This topic aims at supporting activities that contribute to answering the most pressing questions raised by public health responders to the Mpox Public Health Emergency (PHE), as part of the efforts to manage and prevent the spread of the current epidemic. Proposals should result in new knowledge to manage and prevent future outbreaks and should strengthen the capacities of at-risk countries to respond to epidemics.

To that end, proposals submitted under this topic should aim at delivering results that are contributing to the following expected outcomes:

  • Provide novel, critical and timely insights into the Mpox outbreak and/or potential avenues for its management or prevention, focusing on the most affected population, specifically children, pregnant women and immunosuppressed individuals.
  • Be timely, with rapid activation, to enable early and valuable outcomes and results to be produced and/or to support access time-dependent resources.
  • To contribute to the public health preparedness and response in the context of the ongoing Mpox epidemic.
Scope:

The Global Health EDCTP3 Work Programme 2024 [1] foresees funding to be mobilised in case of a Public Health Emergency (PHE). This mechanism allows rapid mobilisation of research funding with or without a call for proposals in exceptional and duly substantiated emergencies. Global Health EDCTP3 considers a situation as an emergency if it is unforeseen and presents a serious and immediate risk to human health.

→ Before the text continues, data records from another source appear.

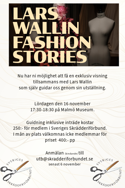 Visning Lars Wallin Fashion Stories 15 10 24 Länk till inbjudan i .PDF Anmälan till utb@skradderiforbundet.se Mer information om utställningen hittar du här Startdatum 2024-10-16 Slutdatum 2024-10-16 Time: 17:30-18:30 Kurshållare Lars Wallin Plats Malmö Museum Website Kontaktinformation utb@skradderiforbundet.se
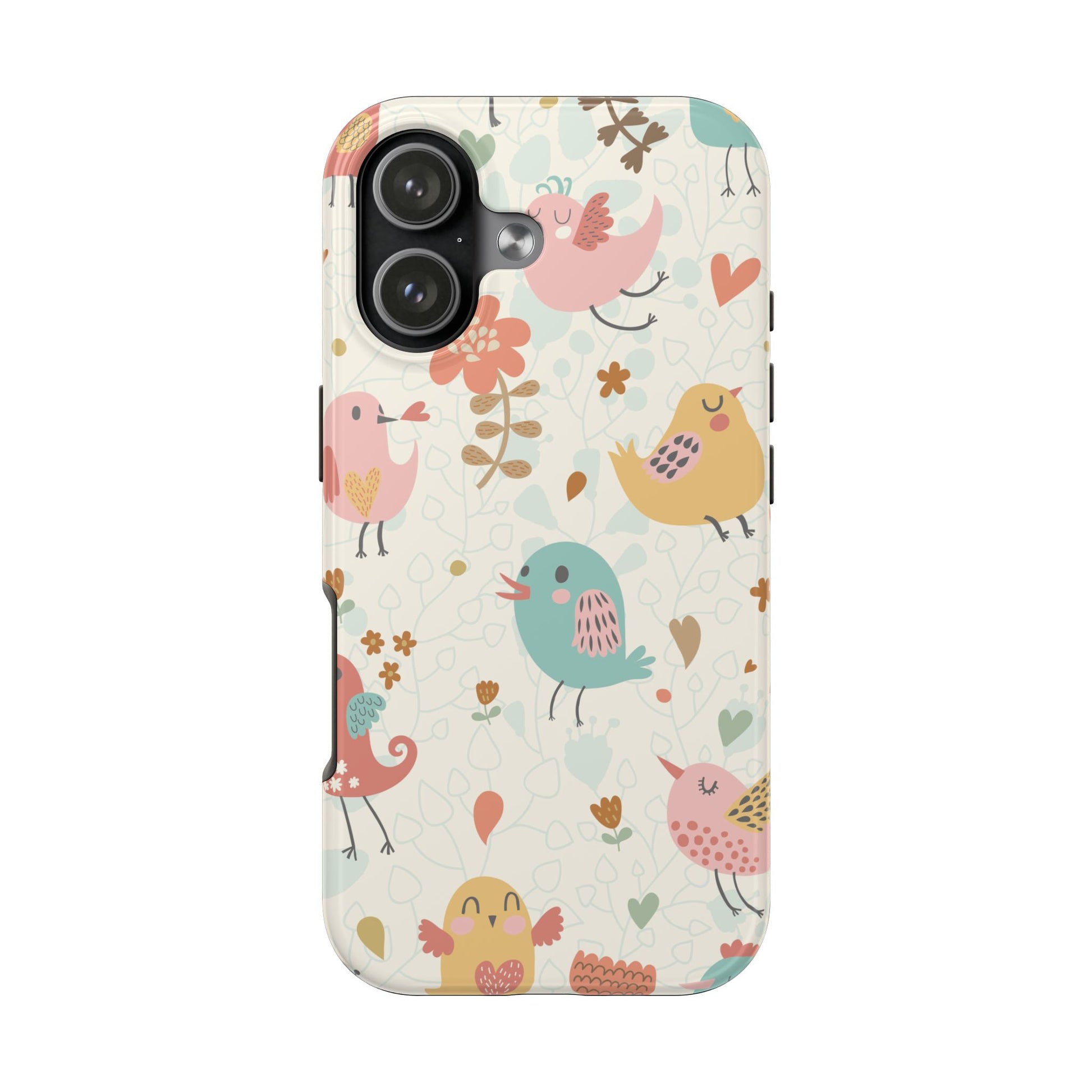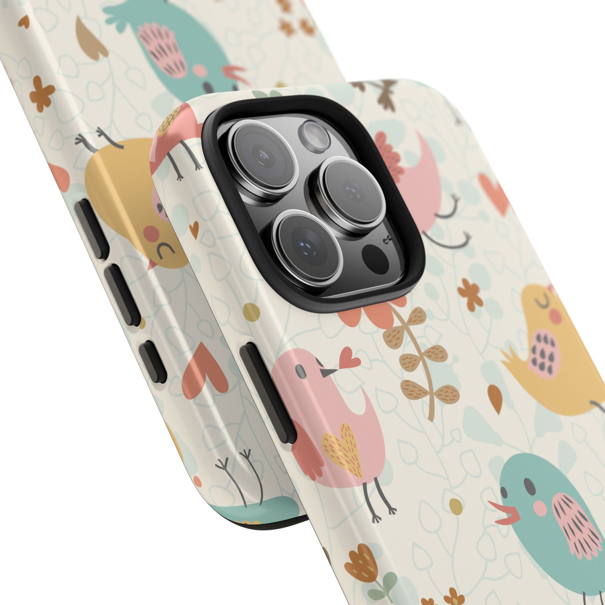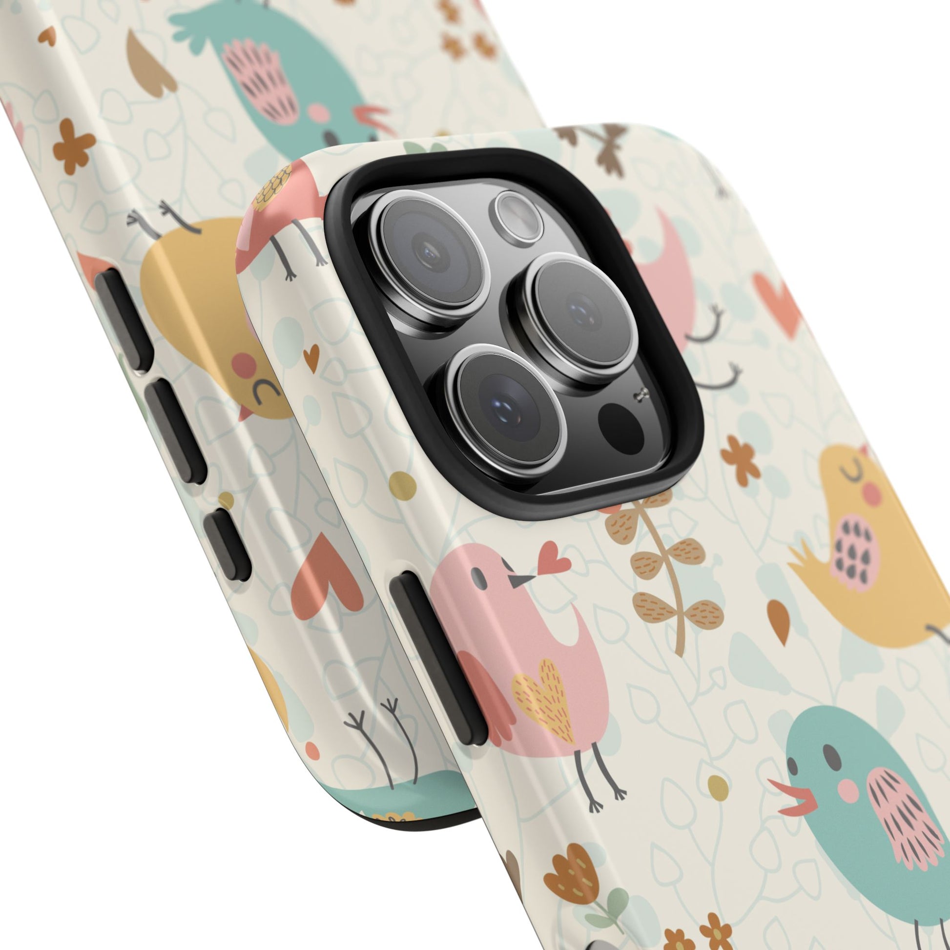 Cute Cartoon Birds Phone Case for iPhone 15 Pro with Colorful Pastel Floral Pattern โ Soft Protective Cover with Whimsical Bird Design
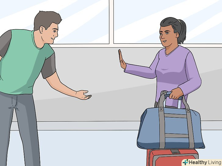 Не дозволяйте незнайомцям допомагати вам нести ваш багаж. якщо ви заходите з валізою в поїзд або дістаєте його з таксі, не приймайте допомогу незнайомців. Навіть якщо багаж важкий, людина може втекти з ним. Деякі люди дійсно щиро хочуть допомогти, проте ризикувати не варто. [19]- Навіть якщо вам доведеться повозитися 5-10 хвилин, намагайтеся донести свій багаж самостійно.
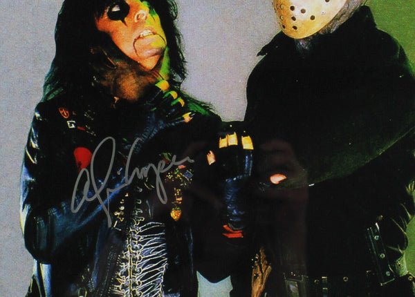 An Alice Cooper Framed 11x14 Photo - Being Choked by Jason V hand signed by Alice Cooper. The item and signature are in excellent condition. The frame measures approximately 19" x 22". Alice Cooper is a singer, songwriter and actor. His career spans over 50 years. AUTHENTICATION: The item is accompanied by a JSA Certificate of Authenticity - JSA Serial Numbered & Databased Hologram.

Following the Mpox outbreak in the Democratic Republic of Congo (DRC), first reported in 2023, the DRC Government, Africa CDC, World Health Organization (WHO) and partners have been closely monitoring it. From 1 January through 12 November 2023, a total of 12 569 suspected Mpox cases, including 581 suspected Mpox deaths (case fatality ratio: 4.6%), had been reported in 156 health zones from 22 out of 26 (85%) provinces of the DRC [2]. In 2024, and as of 29 March, 4 488 cases have been reported, of which 319 have been confirmed. A total of 279 deaths have been reported in the country in 2024 (CFR: 6.7%)[3].

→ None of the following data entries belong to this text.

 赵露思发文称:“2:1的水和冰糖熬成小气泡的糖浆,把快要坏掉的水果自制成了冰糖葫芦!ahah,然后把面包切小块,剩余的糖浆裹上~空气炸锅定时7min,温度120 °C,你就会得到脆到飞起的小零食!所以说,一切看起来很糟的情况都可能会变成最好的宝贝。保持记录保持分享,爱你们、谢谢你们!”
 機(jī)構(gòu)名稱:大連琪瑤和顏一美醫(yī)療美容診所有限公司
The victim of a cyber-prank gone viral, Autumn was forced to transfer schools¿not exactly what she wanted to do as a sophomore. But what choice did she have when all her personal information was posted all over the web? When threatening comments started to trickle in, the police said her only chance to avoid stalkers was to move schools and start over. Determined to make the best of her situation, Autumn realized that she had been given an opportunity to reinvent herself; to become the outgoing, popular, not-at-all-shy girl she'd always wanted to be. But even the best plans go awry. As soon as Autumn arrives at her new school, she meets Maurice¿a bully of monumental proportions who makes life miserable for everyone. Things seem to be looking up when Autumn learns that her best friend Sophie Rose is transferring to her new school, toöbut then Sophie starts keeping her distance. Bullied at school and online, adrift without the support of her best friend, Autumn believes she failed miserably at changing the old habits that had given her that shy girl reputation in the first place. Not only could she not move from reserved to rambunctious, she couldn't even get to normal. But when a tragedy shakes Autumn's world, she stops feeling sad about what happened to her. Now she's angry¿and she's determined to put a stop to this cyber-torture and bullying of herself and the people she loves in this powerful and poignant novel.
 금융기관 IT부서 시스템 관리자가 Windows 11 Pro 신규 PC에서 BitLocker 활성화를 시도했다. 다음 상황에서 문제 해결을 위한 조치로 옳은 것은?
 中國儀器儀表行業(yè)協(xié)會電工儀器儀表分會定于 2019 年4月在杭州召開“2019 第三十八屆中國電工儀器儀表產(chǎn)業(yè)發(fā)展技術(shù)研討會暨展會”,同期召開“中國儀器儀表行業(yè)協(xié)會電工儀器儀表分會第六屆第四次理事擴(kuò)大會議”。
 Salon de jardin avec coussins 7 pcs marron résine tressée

On 13 April 2024, a High-Level Emergency Regional Meeting [4] was held in Kinshasa, to discuss the ongoing epidemic of Mpox in DRC and the potential risk of transmission to neighbouring countries and beyond. On the same day, the Ministry of Health (MoH) of DRC assessed the situation and considered the ongoing outbreak as a Public Health Emergency which requires a rapid and efficacious response. Aligning with this statement, the High-Level Meeting ended with a Communiqué (dated 13 April 2024) whereby twelve Ministers of Health and international partners called for a coordinated response to the outbreak and for the establishment of an Africa Taskforce for Mpox Coordination among Member States affected and at-risk of Mpox. These documents include a call to accelerate research and regulatory processes to enable access to vaccines, diagnostics and therapeutics for affected populations including children.

In the light of rising numbers of cases being reported in the DRC and the high public health risk, the Global Health EDCTP3 is activating the emergency funding mechanism to support research and innovation projects and activities as part of the Joint Undertaking’s response to the emergency.

The Global Health EDCTP3 invites proposals for Research & Innovation Actions (RIA) to support research activities in DRC and neighbouring or affected countries, to manage and/or prevent the spread of the current Mpox outbreak.

Proposals should address one or more of the following areas:

  1. Vaccines research and development:

    Trials should focus on both pre-exposure prophylaxis and post-exposure prophylaxis.

  2. Clinical trials for therapeutics:

    Proposals should include trials on therapeutic products in the context of the Monitored Emergency Use of Unregistered Interventions (MEURI), such as tecovirimat (approved by the European Medicines Agency for use in the European Union) and other promising therapeutic candidates. Research on pain management strategies should integrated in the proposed R&D efforts.

  3. Surveillance strategies, evaluation of rapid diagnostics and epidemiological studies:

    Proposals should provide data on epidemiological characteristics such as geographical spread, viral genotype, and pathogenicity, clinical information on host susceptibility and host immune responses. This work is foreseen to use and evaluate available diagnostic tools to ensure improved surveillance.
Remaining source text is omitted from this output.